A theatrical name for a rather simple concept, mezzanine financing works well for small business owners who wish to secure the much-needed cash they need for the growth of their company. The lenders invest in the business, which ensures that all parties have the business’ expansion in their best interest. This loan is not a traditional bank loan, so it’s wise to understand mezzanine lending to ensure that this financing option will work best for you.

How the Money Is Used

The money is used to expand a business, but there are a couple of ways in which the growth can occur. Some businesses expand physically, by purchasing new real estate or adding on to existing facilities; other businesses acquire their competitors, and increase their facilities, employees, and clientele through the existing business. Mezzanine financing funds either scenario, so the small business can grow in scope and size and take itself to the next level.

How the Money Is Borrowed

You don’t go through a traditional loan application process to secure a mezzanine loan. Rather, you contact wealthy individuals who lend you the cash. These financers also purchase stock within your company to provide you with additional liquidity and them with an investment in your projected profits. You still have to pay the borrowed funds back, but the investment in your dream is worth the mezzanine financing, because most of these lenders are skilled in expansion and acquisitions.

The Lenders

So, who are these lenders? They are banks, insurance companies, mutual funds, pension funds, and private investors, and many of these people are liberal with their money. In fact, most tailor it to your specific needs, because if you don’t succeed, they don’t succeed. Nobody wants a loss in his or her portfolio, so as long as your business grows and the lender’s yield is satisfied, he or she will likely be flexible with interest rates and payment terms.
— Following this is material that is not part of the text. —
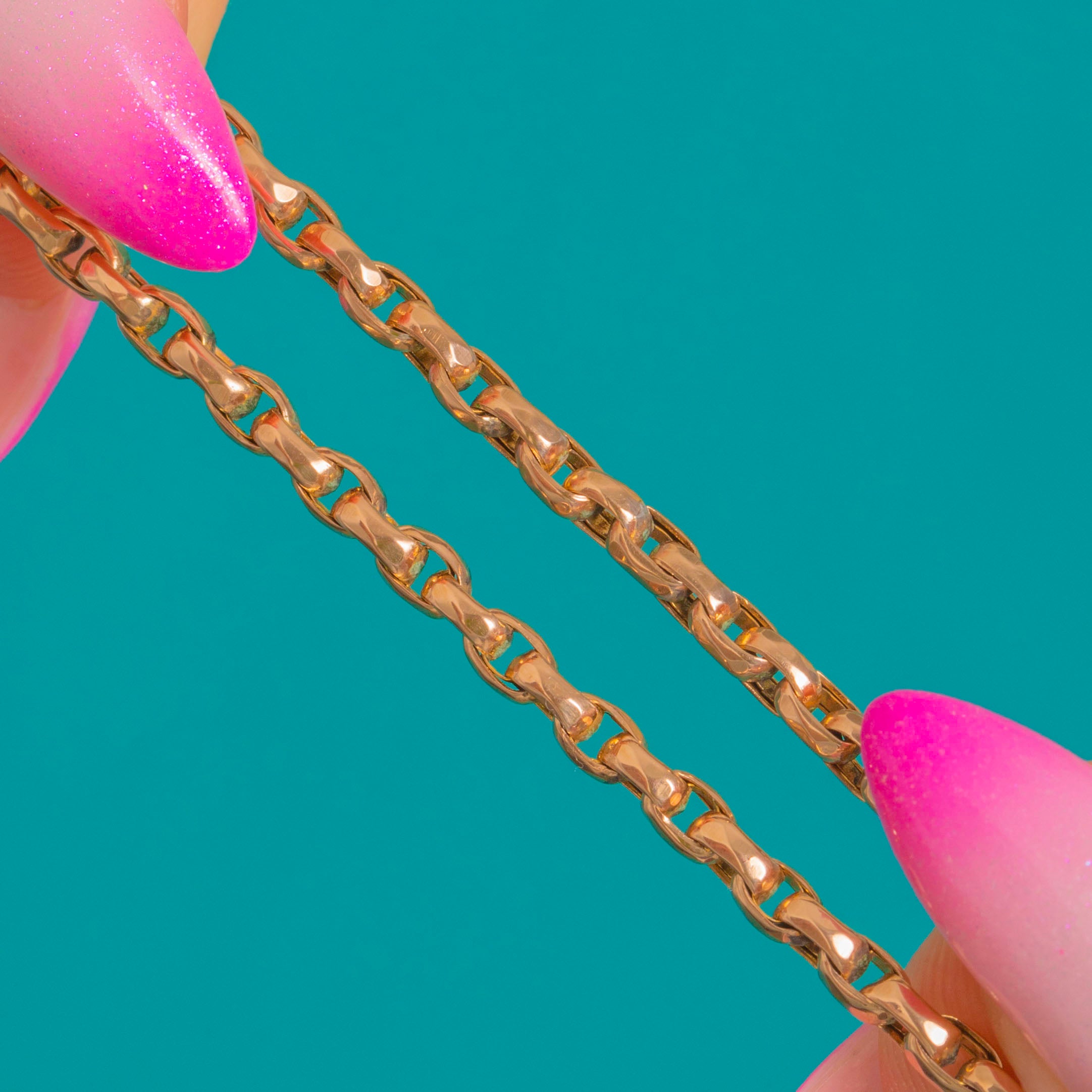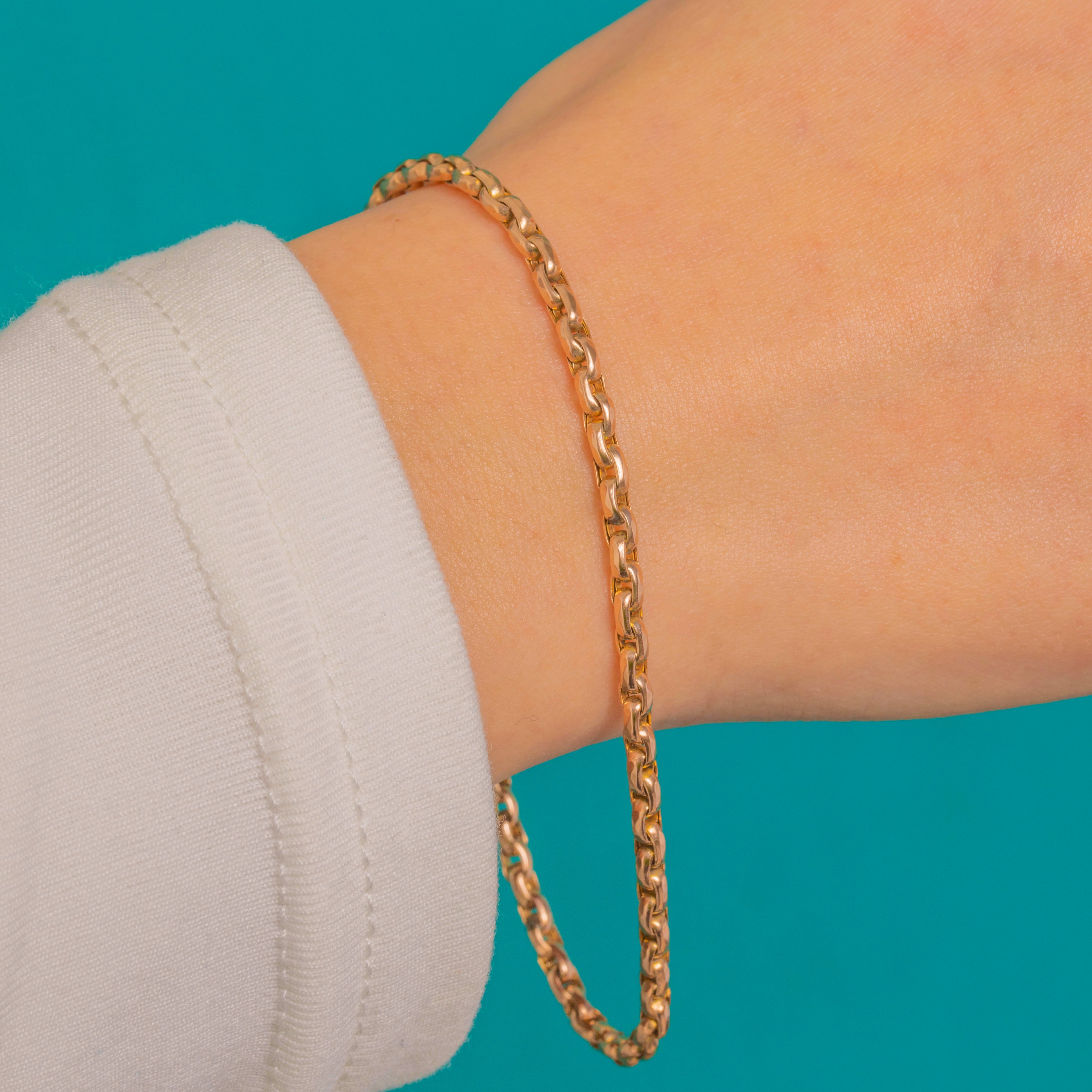 Understated and irresistibly tactile, this Victorian belcher bracelet brings a subtle shimmer to every gesture. Each rounded-rectangular link is neatly faceted and highly polished, creating a refined play of light with a warm Golden glow.
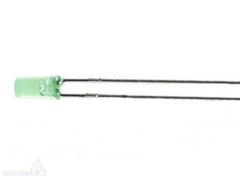 3мм прозрачный зелёный 525nm, 1000-2000mcd, угол 100°, цилиндр диам.3 x высота 6,1мм (без фланца).

Mezzanine financing provides a way for small businesses to grow. The business owner may lose some control of the operation, as the lenders do invest in the business and gain ownership share, but the pros definitely outweigh the cons. Investment in any business gives it a better stronghold within its industry and the financial markets, and once your business starts to grow, the sky is the limit. This is why this type of funding isn’t only an investment in your business; it’s an investment in the economy and your future, as well.